Still, rampant COVID-19 infections, even if they don’t kill, can do great harm. “There’s huge economic costs if you can’t work for a week,” Luban noted, especially at a time when virtually every industry, from airlines to coffee shops, faces staff shortages.
The new booster shot, which protects against the original strain as well as Omicron variants, may lower the risk of infection, and appears likely to work well at preventing severe illness caused by any variant, Luban said. Yet many people eligible for the vaccine have so far not taken it.
Because immunity wanes over time, the booster shot is considered critical in blunting the expected rise in infections during winter.

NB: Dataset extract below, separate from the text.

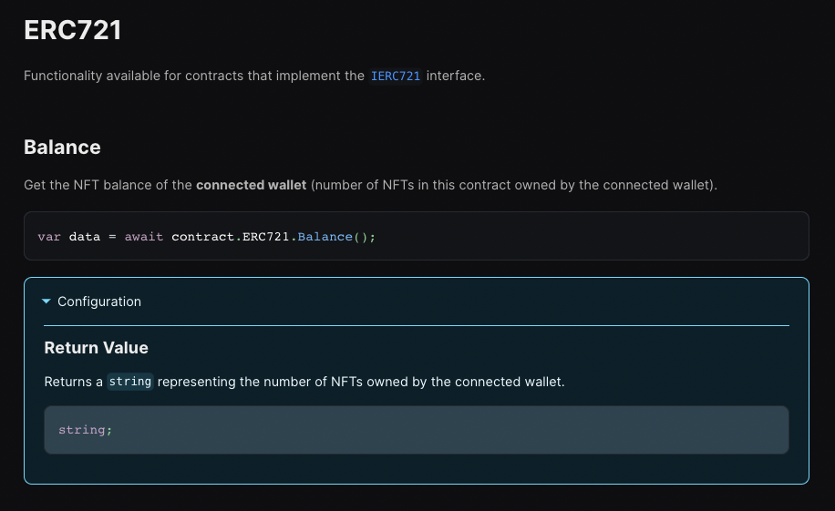 Each method now includes a Configuration and Return Value section for you to know ahead of time what information you can expect to get when using the method.
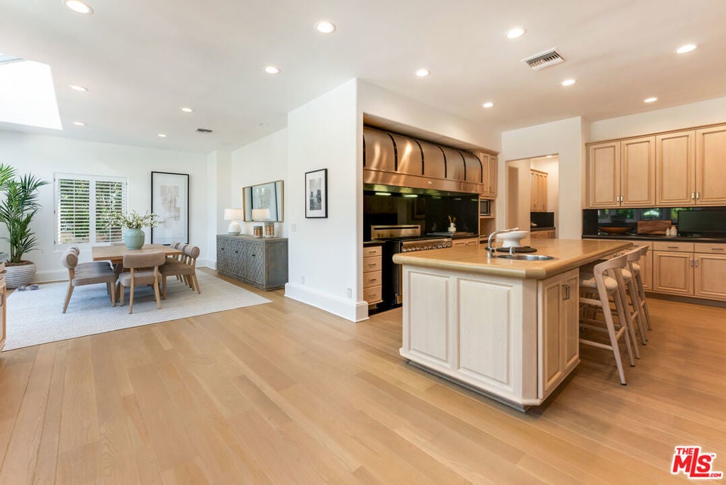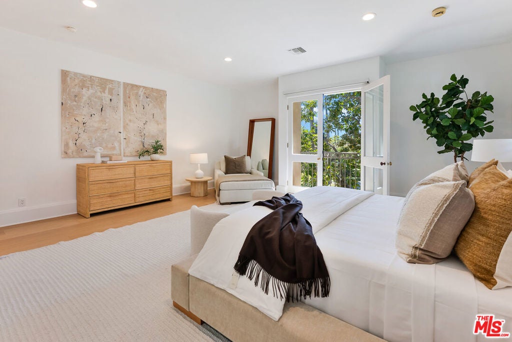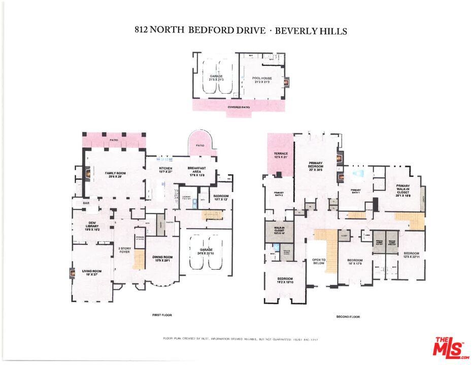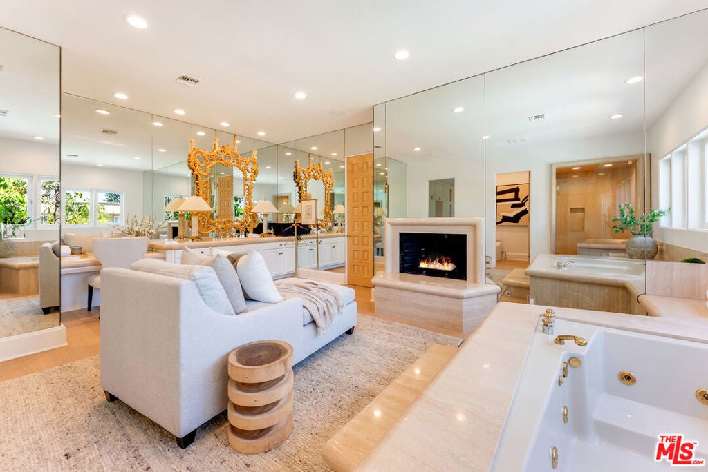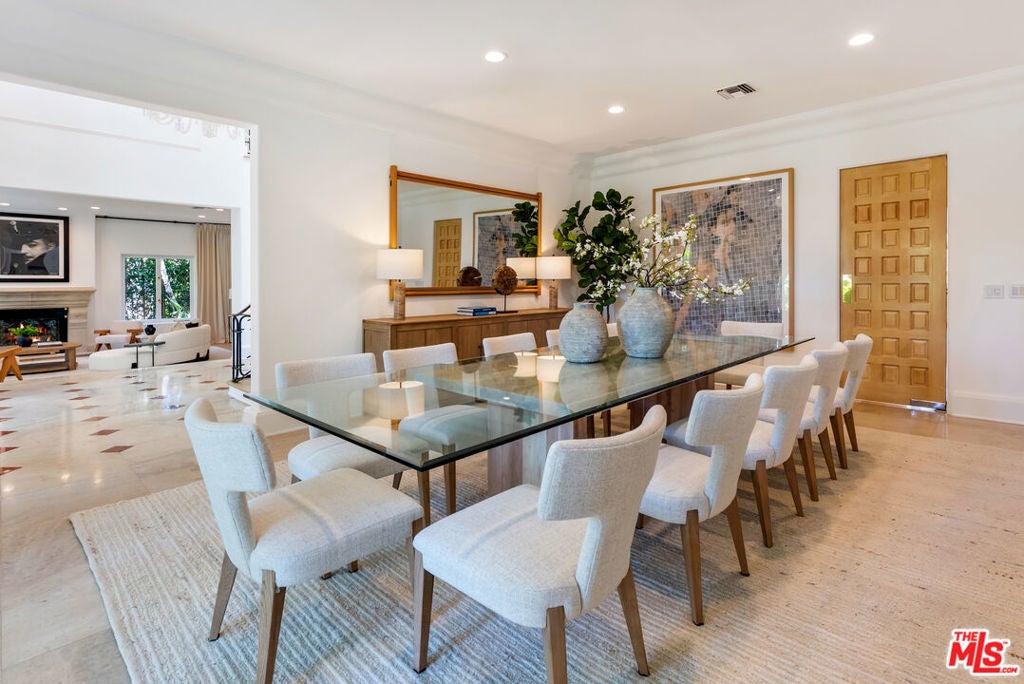 Presenting The Bedford Estate, a newly refreshed Mediterranean masterpiece in the coveted Flats of Beverly Hills. Gated and private, the striking white exterior with black trim is framed by a circular driveway, leading to an elegantly designed two-story residence of approximately 11,000 square feet on a half-acre of pristine grounds. A dramatic two-story foyer with a sweeping staircase introduces the formal living room, dining room, office, and an exceptional family room with floor-to-ceiling French doors that open seamlessly to the backyard. Wide-plank white oak floors, soaring ceilings, expansive windows, multiple fireplaces, and abundant natural light create a warm yet grand atmosphere. The chef's kitchen is a culinary dream, featuring skylights, a large center island, and an expansive informal dining area that also opens to the outdoors. The backyard is a private oasis, offering multiple seating and lounging areas, an inviting pool, and a beautifully landscaped grassy yard. A separate pool house complete with a bath provides the perfect retreat or entertainment space. Upstairs, the primary suite is truly exceptional, showcasing vaulted beamed ceilings, floor-to-ceiling windows, a fireplace, and two luxurious spa-style bathrooms each with a seating area and boutique-sized closets. Three additional upstairs ensuite bedrooms offer generous proportions, high ceilings, and refined finishes. A service bedroom is conveniently located downstairs near the back staircase. Completing the estate are two attached garages plus two additional garages accessed from the alley. This is truly a one-of-a-kind home in a one-of-a-kind Beverly Hills location.

A recent Commonwealth Fund study estimated that 75,000 lives could be saved, and 745,000 hospitalizations prevented, if a fall booster campaign reaches as many people as took the flu vaccine in the 2020-21 season.
In Massachusetts and throughout the nation, the Omicron subvariant called BA.5 remains the dominant strain, although it is slowly losing ground to BA.4.6, a subvariant that is similar enough that it isn’t raising alarms.

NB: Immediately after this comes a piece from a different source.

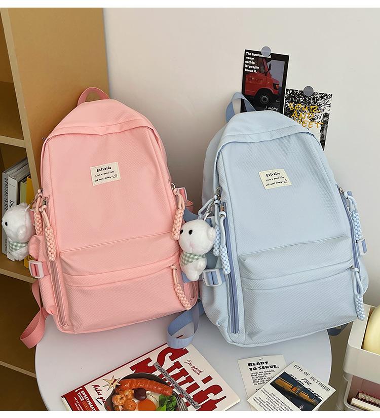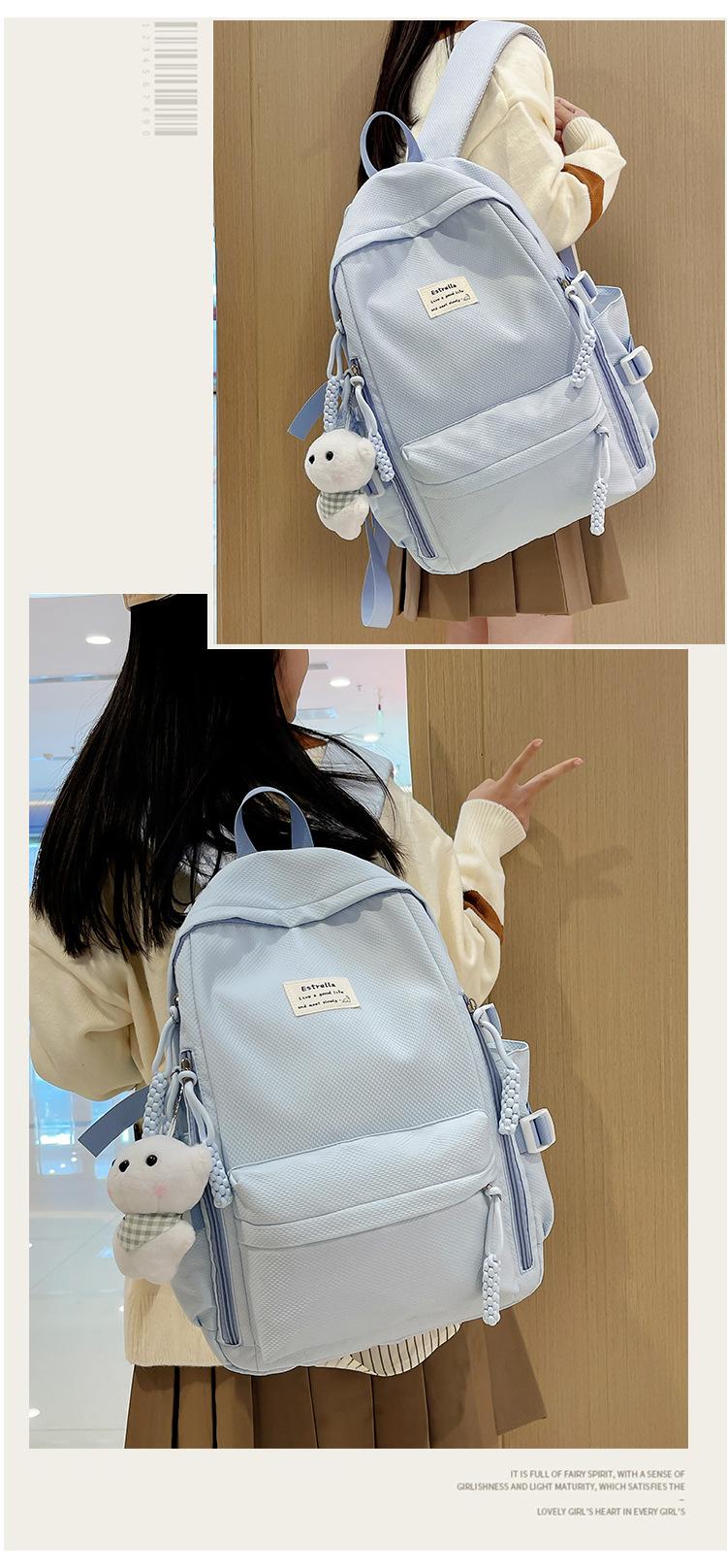 Mochila para estudiantes de secundaria, estilo coreano, estilo preppy, ligera, de gran capacidad, versátil para el campus.

The Broad Institute of MIT and Harvard has been testing about 50,000 samples a week, most from schools, colleges, or care homes in Massachusetts. The institute sequences about 10 percent of those, said Bronwyn MacInnis, the Broad’s director of pathogen genomic surveillance.
In Massachusetts last week, BA.5 accounted for about 70 percent of infections but was trending downward, MacInnis said; BA.4.6 is currently at 20 percent and growing.
The remaining 10 percent, MacInnis said, is a mixture of other variants. Fewer than 10 cases of BA.2.75.2, prevalent in India, have been detected in Massachusetts.
“We’re keeping our eye out for BA.2.75.2,” MacInnis said. “It is highly transmissible and seems to be able to evade monoclonal antibody therapies. We’re still waiting to see how it will do with the new Omicron bivalent vaccine.”
But so far this variant has made little headway outside of India, casting doubt on its ability to supplant the dominant Omicron subvariant.
In a change from previous patterns, she noted, different variants are bubbling up in different regions, with none rising to the top everywhere.
Although new variants are not to blame, COVID-19 hospitalizations have started to tick up in Massachusetts, reaching a seven-day average of 724 people as of Tuesday. Still, that’s just 23 percent of the number hospitalized during January’s peak, although more than were seen last year at this time.
The amount of coronavirus found in waste water, a helpful preview of the pandemic’s trajectory, rose steeply in the end of September. It has since declined a little. MacInnis said she wasn’t alarmed by the wastewater data, because there hasn’t been a similar spike in hospital admissions.
“There’s no reason to be particularly worried about fall and winter. We will see an uptick but hopefully not a tidal wave,” she said. “We’ve reached a more stable equilibrium. We haven’t had another variant that isn’t an Omicron descendant emerge for close to a year. It may be that we are reaching a state where we are moving past the point of major spikes like we saw last year.
“Of course,” she added, “it depends on what additional tricks the virus has up its sleeve.”
The big worry this year may turn out to be the flu. There may be lowered immunity in the population because COVID-19 precautions prevented flu infections in the previous two winters, Viboud said. This year, many people have abandoned safety measures such as masking, and as indoor gatherings and holiday events begin, transmission of both COVID-19 and the flu could soar.
“Two nasty respiratory viruses combined might be a threat,” Viboud said.